*REQUIRED ACTION*
Every line from the opening of the records to the line with "-Odbrana od unutrašnje" should be restated exactly, with both ends included and the pictures left out.

=== AVAILABLE DATA ===

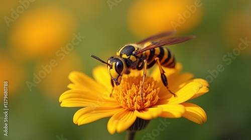 © Alex Pios, Fototapeta premium Wasp collecting nectar from a wildflower
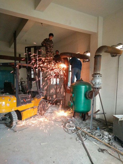 机修厂第一次尝试安装,虽然中间会有难题,但是员工们心往一处想,劲往一处使,困难都迎刃而解。热力交换机组超宽、超重,而且供热站的门比较窄,导致无法进入,也不可利用起重设备,只有分体进入,因整体机组、管道、阀门、法兰盘很多,水密要求很高,不准渗漏还得抗压,如有渗漏,一次试压不成功,还得再次试压,既浪费时间,又浪费水资源,还耽误供暖时间,这样就要求紧固螺栓,必须锁匀、锁牢,胶垫垫正,确保一次试压成功。机组安装完毕,找好水平线,接下来就是重中之重,管道的敷设与焊接,认真规划管道的路线,做到既节约管材,还根据房屋的结构便于吊挂,保证外观整齐、美观。面对室内无法使用起重设备,所用管材都是无缝管,又重又粗,有些地方由于空间有限,叉车无法进入,工作人员经过商讨,自制三角架解决此问题,确保安全的情况下,大大提高了施工进度。机组工作压力很高,对焊接技术要求高,在确保无渗漏情况下还得抗压,工作人员采取加大坡口,加厚焊缝,增加焊缝的抗压能力。为了加快进度,我们采用两点同时施工,中间对接,要求工作要细,细到一个接头、一个弯头,接头要正,弯头、法兰角度之差不得超过±1°,利用水平、垂直线,准确计量尺寸,确保一次对接成功。经过试压检测,正常运转,无任何异常。管道包装也已即将竣工。
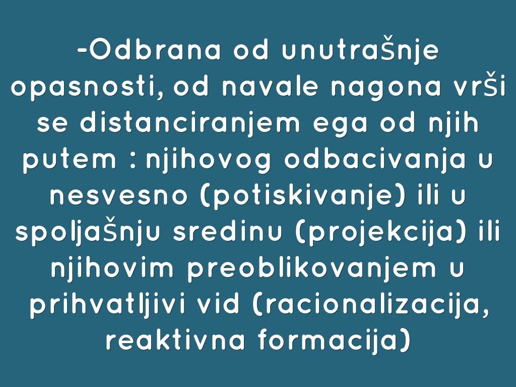 -Odbrana od unutrašnje opasnosti, od navale nagona vrši se distanciranjem ega od njih putem : njihovog odbacivanja u nesvesno (potiskivanje) ili u spoljašnju sredinu (projekcija) ili njihovim preoblikovanjem u prihvatljivi vid (racionalizacija, reaktivna formacija)
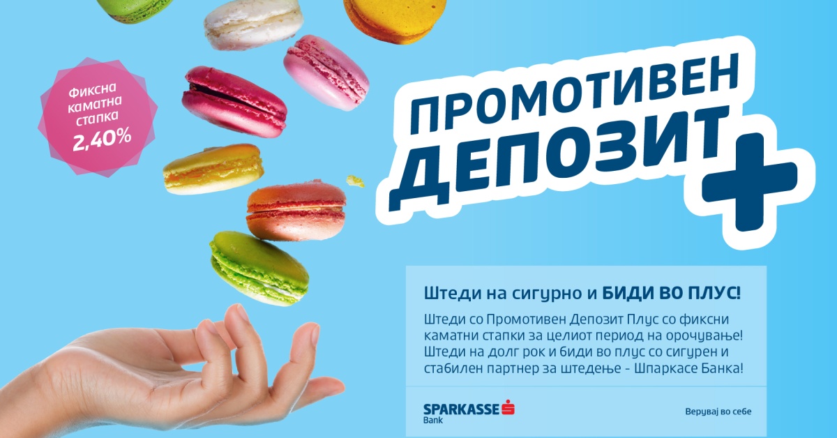 Шпаркасе Банка АД Скопје ја збогатува својата депозитна понуда со воведување нов производ – Промотивен депозит плус, со атрактивни фиксни каматни стапки, кои достигнуваат и 2,4% годишно за депозити на 36 месеци. Депозит плус е погоден за клиентите што се заинтересирани да штедат во денари на подолг период.
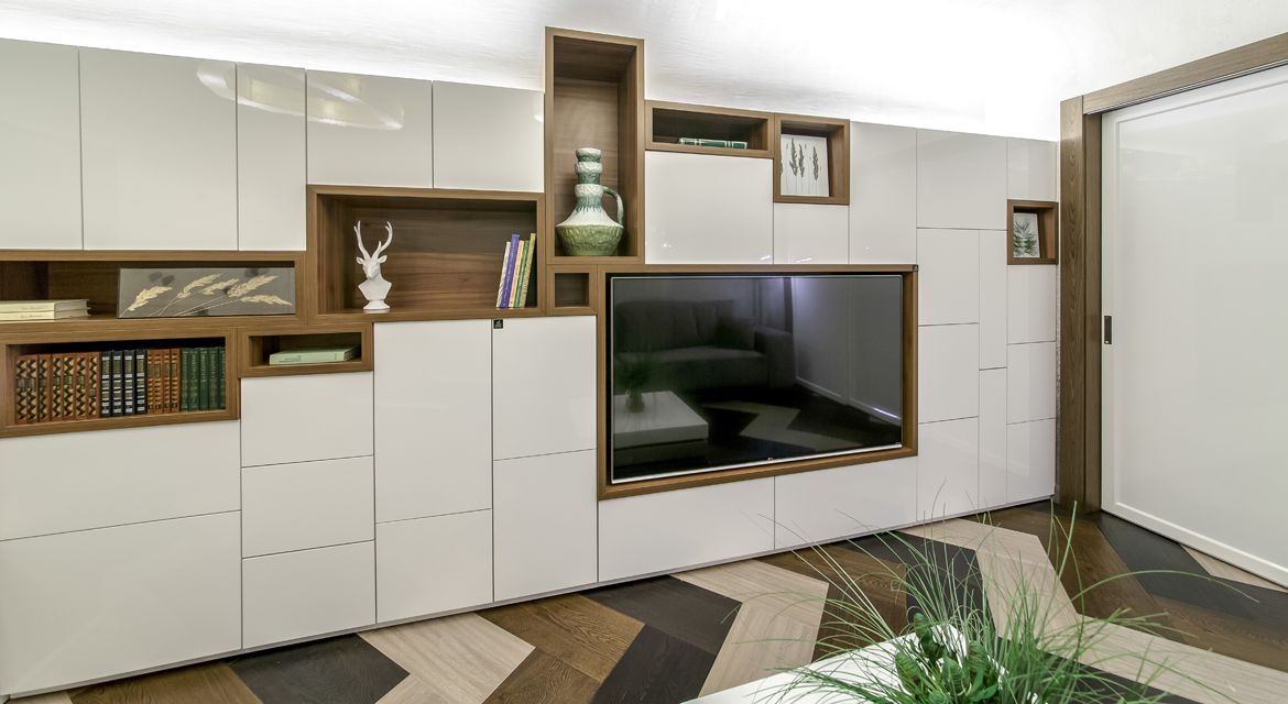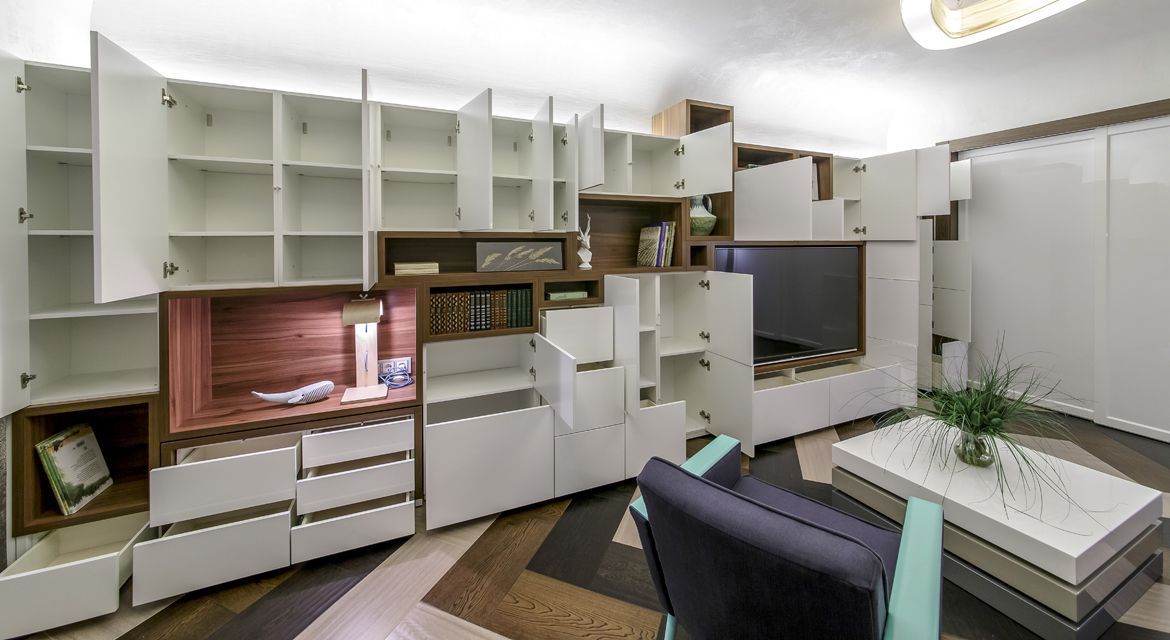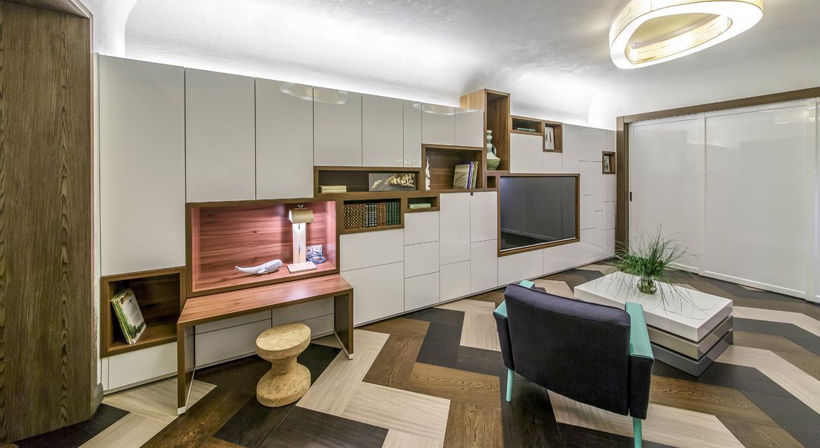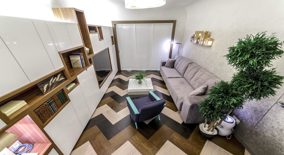 Вместо старомодного убранства — уютная гостиная, которая понравилась не только хозяевам, но и домашним любимцам — коту, собаке и трем попугаям. Обстановку 80-х годов сменил антистрессовый интерьер со скругленными углами, множеством мест для хранения, скалодромом, деревянной горкой и светящимся скворечником. Специально для нового интерьера экспертами «Дятьково» была сконструирована вместительная шкафная группа, выполненная по индивидуальному эскизу.
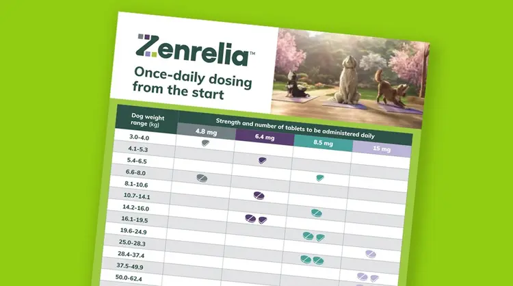 Zenrelia is een voorgeschreven medicijn voor honden dat wordt gebruikt om jeuk en ontsteking te behandelen die veroorzaakt worden door allergieën.
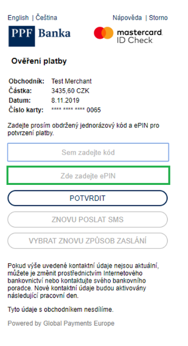 Dne 4. 1. 2021 obdrží naši klienti na e-mail (případně SMS zprávou) e-PIN k Debetní kartě, který budou zadávat spolu s jednorázovým autorizačním kódem z SMS při každé internetové platbě (E-commerce transakce). Nebudou-li na Debetní kartě k 4. 1. 2021 povolené internetové platby, e-PIN jim bude zaslán až v momentě, kdy k tomuto povolení dojde. Pokud jsou naši klienti Držitelem více Debetních karet vydaných PPF bankou, obdrží samostatný e-PIN pro každou z těchto Debetních karet zvlášť. Všechny obdržené e-PINy je třeba pečlivě uschovat a informovat všechny ostatní Držitele karet.
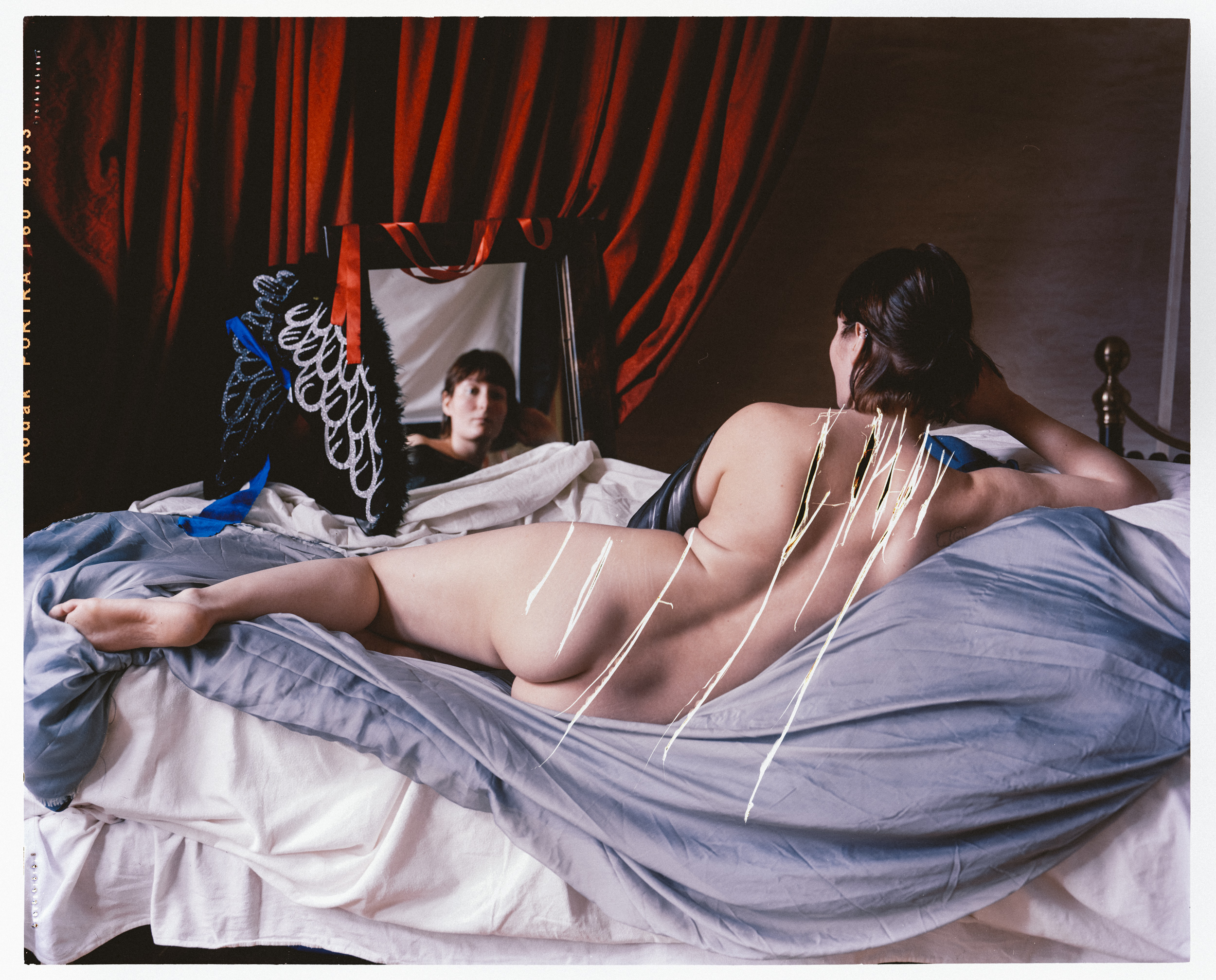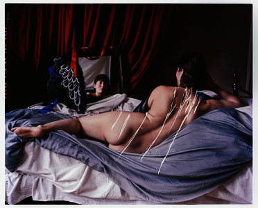 Taking this incident as its starting point After Mary Richardson, a collaboration with model Jen Morris, examines the hierarchies of image construction and representation. Modeled on Velázqeuz’s Rokeby Venus, the image seeks to collapse the roles played by photographer, subject, and spectator, while simultaneously questioning assumptions about gender and the gaze. Morris affected both the representation of the image and, on the anniversary of the ‘attack’, the materiality of the photograph itself – the subject inflicting the wounds on the personification of their own image. By literally marking the artwork as material representation, the problematic relationship between subject and object becomes manifest.
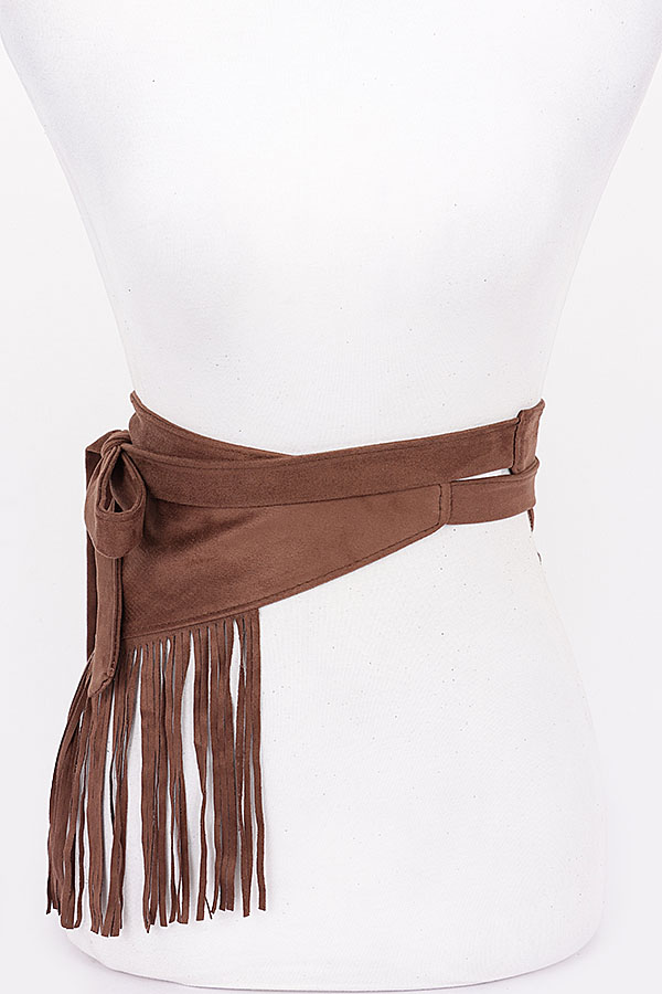 - * Discover the "Faux Suede Fringe Belt" by H&D Accessories. This stunning belt features eye-catching fringes that sway with every movement, offering a unique blend of sophistication and fun. It's the ideal finishing touch for both casual and dressy looks.
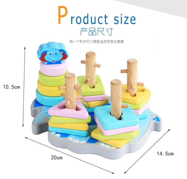 Wooden elephant geometric shape sets of columns pairing puzzle building blocks thinking 2-3-4 years old baby educational toys
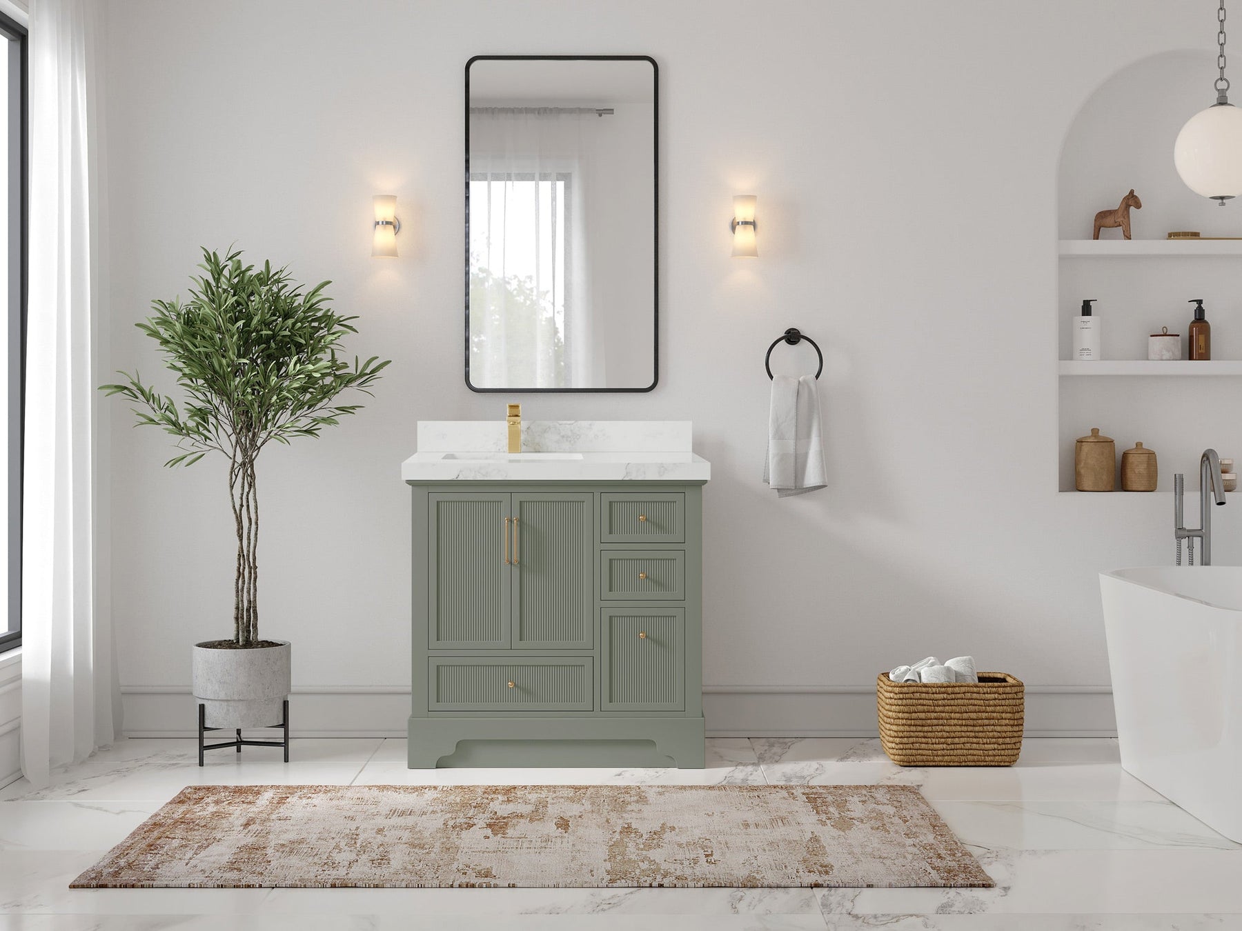 Alys 36 in. W x 22 in. D Left Offset Sink Bathroom Vanity | Evergreen

===

*SOLUTION TO THIS TASK*
 © Alex Pios, Fototapeta premium Wasp collecting nectar from a wildflower
 机修厂第一次尝试安装,虽然中间会有难题,但是员工们心往一处想,劲往一处使,困难都迎刃而解。热力交换机组超宽、超重,而且供热站的门比较窄,导致无法进入,也不可利用起重设备,只有分体进入,因整体机组、管道、阀门、法兰盘很多,水密要求很高,不准渗漏还得抗压,如有渗漏,一次试压不成功,还得再次试压,既浪费时间,又浪费水资源,还耽误供暖时间,这样就要求紧固螺栓,必须锁匀、锁牢,胶垫垫正,确保一次试压成功。机组安装完毕,找好水平线,接下来就是重中之重,管道的敷设与焊接,认真规划管道的路线,做到既节约管材,还根据房屋的结构便于吊挂,保证外观整齐、美观。面对室内无法使用起重设备,所用管材都是无缝管,又重又粗,有些地方由于空间有限,叉车无法进入,工作人员经过商讨,自制三角架解决此问题,确保安全的情况下,大大提高了施工进度。机组工作压力很高,对焊接技术要求高,在确保无渗漏情况下还得抗压,工作人员采取加大坡口,加厚焊缝,增加焊缝的抗压能力。为了加快进度,我们采用两点同时施工,中间对接,要求工作要细,细到一个接头、一个弯头,接头要正,弯头、法兰角度之差不得超过±1°,利用水平、垂直线,准确计量尺寸,确保一次对接成功。经过试压检测,正常运转,无任何异常。管道包装也已即将竣工。
 -Odbrana od unutrašnje opasnosti, od navale nagona vrši se distanciranjem ega od njih putem : njihovog odbacivanja u nesvesno (potiskivanje) ili u spoljašnju sredinu (projekcija) ili njihovim preoblikovanjem u prihvatljivi vid (racionalizacija, reaktivna formacija)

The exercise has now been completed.